Posted 08 August 2018 | By Zachary Brennan 

CMS to Use Step Therapy to try to Drive Down Drug Spending

The Centers for Medicare and Medicaid Services (CMS) late Tuesday announced plans to begin using what’s called step therapy to try to lower the spend on Part B drugs by about 20% in Medicare Advantage plans.

Step therapy in this instance is a negotiating tool whereby Medicare Advantage plans can require patients to use cheaper drugs ahead of other, more expensive competitors, potentially lowering costs.

“For the first time, CMS will provide Medicare Advantage plans — private health insurance plans that provide Medicare benefits to 20 million Medicare beneficiaries (a third of all beneficiaries in Medicare) — the option of negotiating for Part B drugs in a way that lowers costs and improves the quality of care,” CMS said in a statement.

Beginning 1 January 2019, Medicare Advantage plans will ensure patients newly prescribed a medicine receive the most preferred and cost-effective drug first, allowing patients to begin treatment with a biosimilar in some cases.

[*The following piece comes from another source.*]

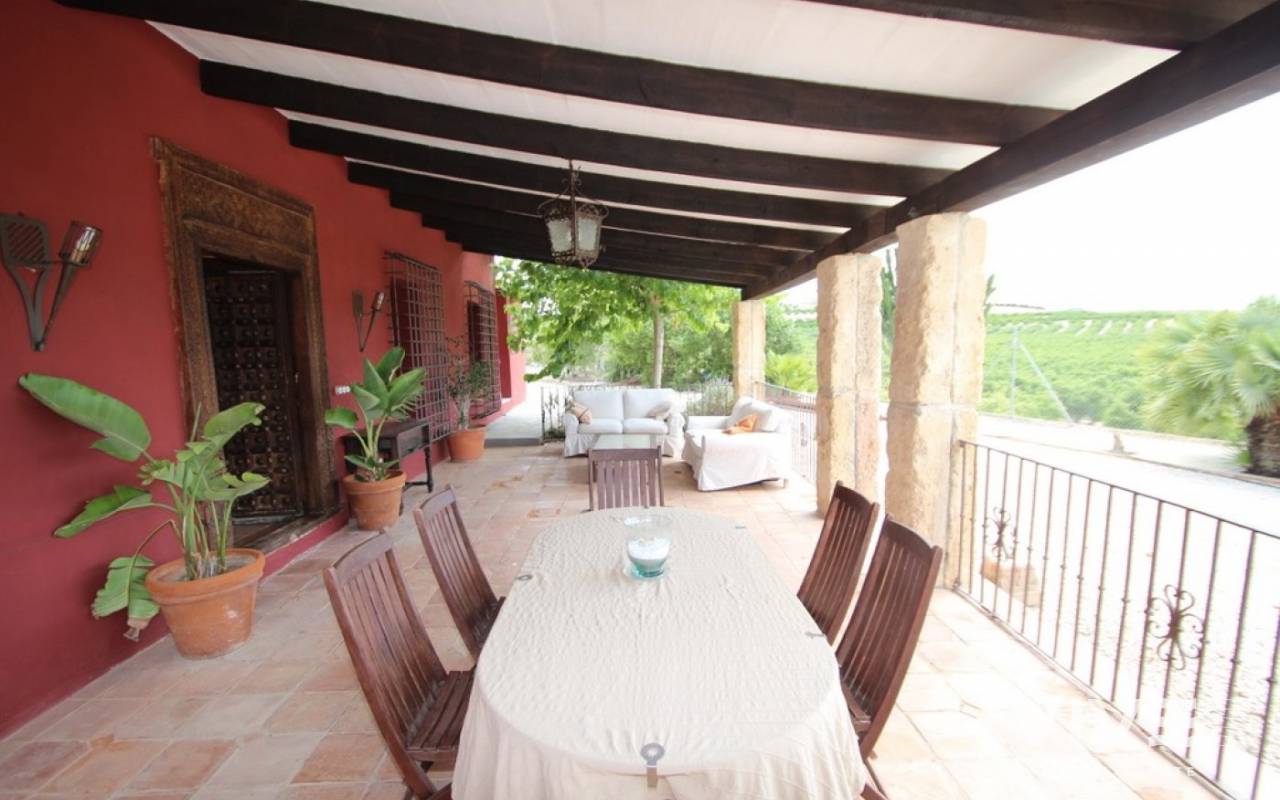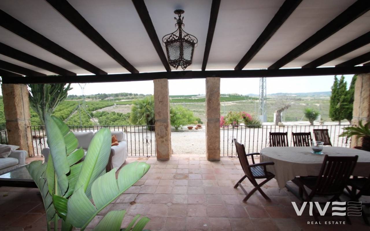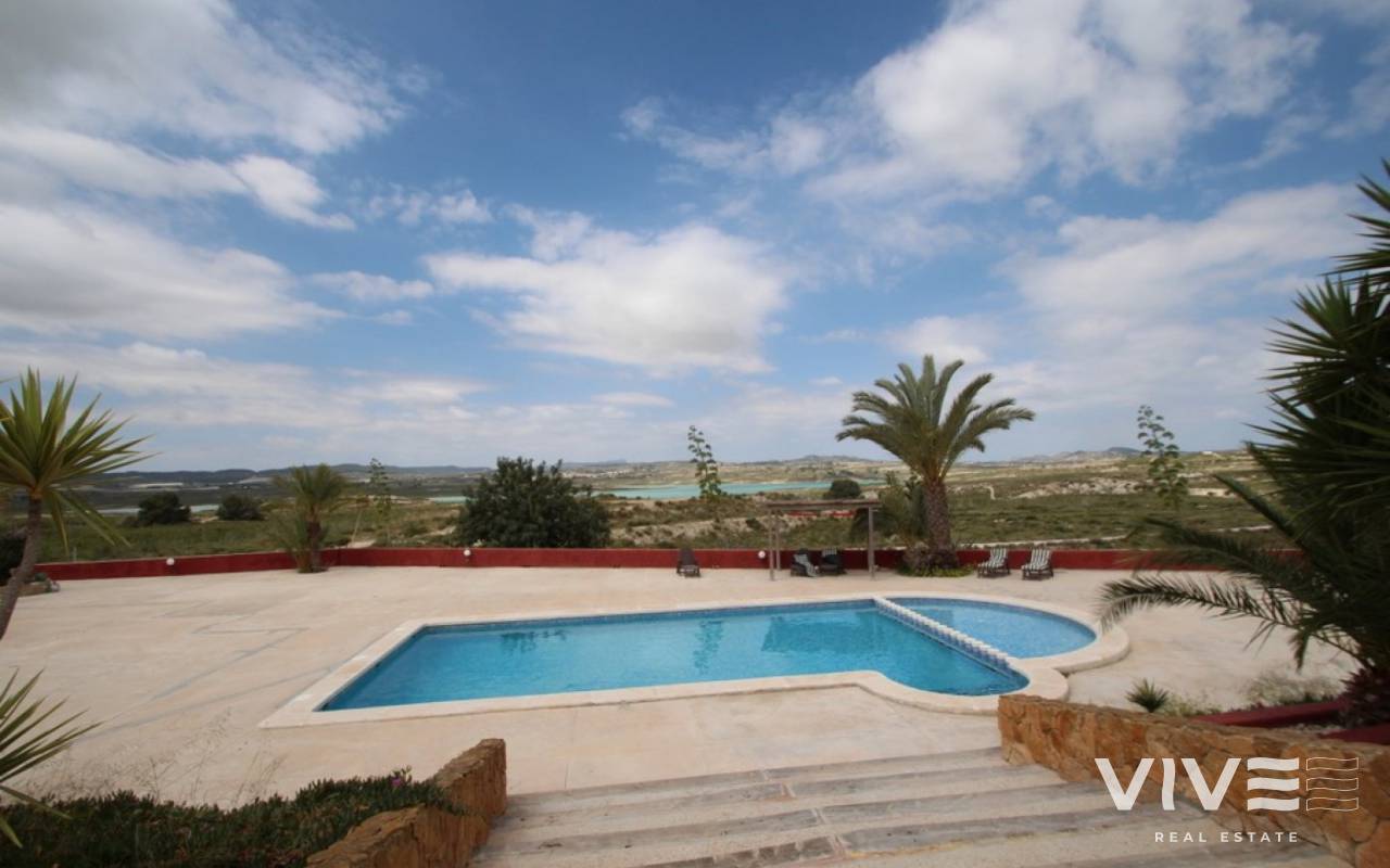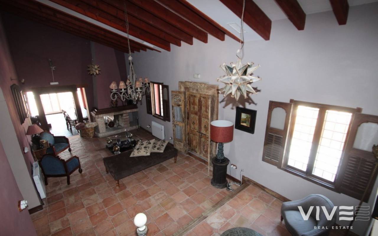 Opportunity to live in a unique place and with the possibility of having your own business.. In front of the La Pedrera reservoir, we offer you an impressive independent Chalet on a plot of 13,700 meters and with a house of 320 meters with stunning views of the reservoir.. This impressive house is distributed on two floors with two living rooms with fireplace, one of them very large of 85 m2, kitchen with its island, 4 bedrooms, 3 bathrooms, 1 toilet, solarium and a large porch overlooking the orange trees, large terrace with barbecue and pool of 15 x 7 m, facing the lake.. There is possibility to expand the house on the top floor.. The interior design has been made by Philip Pelleter, internationally recognized that appears in the book Interior Design Review.. The house is sold fully furnished with antique furniture doors of India ....

But whether this move will amount to significant savings remains to be understood.

Bernstein biotech analyst Ronny Gal said in a note to investors that the target of this action “appears to be biosimilars” but he’s “uncertain how effective this new policy would be in pushing biosimilars yet. Our impression is that this will not be a decisive change. (i) Medicare Advantage is not a very large segment of the market.”

But he also said, “The added financial incentive may prove sufficient to switch the MA segment of the market over to using biosimilars.”

Industry lobbying group PhRMA, meanwhile, was not happy with the move by CMS.

“PhRMA has serious concerns with the new CMS guidance regarding Medicare Advantage coverage of Part B medicines and the implications for patients suffering from complex conditions. Step therapy will delay many patients’ access to medicines they need, interfere with the patient-physician relationship and increase burdens on physicians to comply with new, more complicated requirements,” the group said in a statement.

On the other side of the coin, the Pharmaceutical Care Management Association (PCMA), which represents pharmacy benefit managers (PBMs), said in a statement that the announcement “to include greater use of PBM tools in Medicare Part B through Medicare Advantage Prescription Drug Plans is an important step toward reducing costs for the program and beneficiaries.

“Some of the highest priced drugs are found in Medicare Part B, where PBMs currently don't play any meaningful role,” the PCMA said.